А мама... Маме расставание с сыном горше всех досталось. Целыми днями искала она себе занятия, чтобы отвлечься от беспокойных мыслей. Впрочем, искала — неверно сказано. С утра до вечера не знала она ни минуты покоя: стряпала, стирала, ухаживала за огородом, нянчила внучку. Дел хватало... Но и за этими заботами не забывала она о Юре и по утрам — появилась вдруг у нее такая привычка — рассказывала, как он приснился ей минувшей ночью, и спрашивала: к добру или к худу сон? Потом, через несколько лет, когда призовут в армию Бориса, и он так же будет приходить к ней в сновидениях.

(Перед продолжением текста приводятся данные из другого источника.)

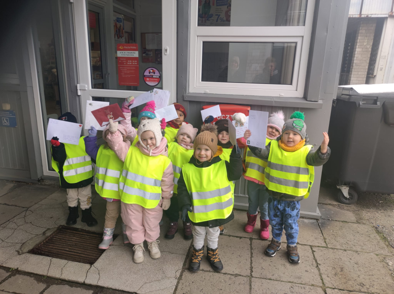 W tym tygodniu nasze przedszkolaki wyruszyły na wyjątkową wycieczkę na pocztę. Każde dziecko samodzielnie wysłało list do Świętego Mikołaja, który przygotowało w domu wraz z rodzicami. Zanim udaliśmy się na pocztę, rozmawialiśmy o tym, jak wygląda wysyłanie listów – co jest potrzebne, jak poprawnie napisać adres i gdzie przykleić znaczek. Dzięki temu dzieci mogły w praktyce zobaczyć, jak funkcjonuje poczta i jak ich własne listy trafiają do adresata. Wycieczka była nie tylko pouczająca, ale też pełna radości i świątecznej atmosfery. To doświadczenie pozwoliło naszym przedszkolakom poczuć się jak prawdziwi listonosze i sprawiło, że wysyłanie listów stało się prawdziwą przygodą!

Очень не хватало Юрки и мне.

В семейном кругу вечерами невольно заходил о кем разговор. Вспоминали его мальчишеские шалости и проказы, любовались ими как бы со стороны, на расстоянии, и диву [213] давались, за что же, за какие такие особо тяжкие грехи и провинности можно было в свое время бранить и наказывать человека? Ведь вроде б через край никогда и не переступал.

Самым желанным гостем в родительском доме стал почтальон. К счастью, Юра не скупился на весточки о себе. И знаю я, по скольку раз перечитывались отцом и матерью Юрины письма, как долго, со всех сторон, обсуждалась любая строчка в них.

Из первого жалованья, полученного им на заводе, — велико ли жалованье ученика-ремесленника, то же, что и у солдата-первогодка, — Юра половину суммы прислал домой.

— Распишитесь в получении, Анна Тимофеевна, — попросил почтальон, выкладывая на стол перед матерью бланк перевода. — Поздравляю вас, сынок самостоятельно зарабатывать начал-с...

Мама расписалась на бланке, а когда почтальон отсчитал деньги — для вящего впечатления, чтобы солидней казалось, все рублевками отсчитал — и вышел, мама вдруг расплакалась.

— Чего ревешь-то, чего? — возмутился отец. — Раз прислал деньгу, значит, на жизнь ему там хватает. Не ворует же он сам у себя. И то сказать — одет, обут, накормлен... Лучше давай-ка... за чекушкой на радостях схожу.

— Еще чего! — возмутилась мама. И всхлипнула. — Я же почему... Вот и кончилось детство у Юрушки.

Не скупился Юра на письма. И как я жалею сейчас, что мы не берегли их, что вот теперь по отдельным разрозненным клочкам, случайно сохранившимся, а больше на память полагаясь, приходится восстанавливать картину прошлого.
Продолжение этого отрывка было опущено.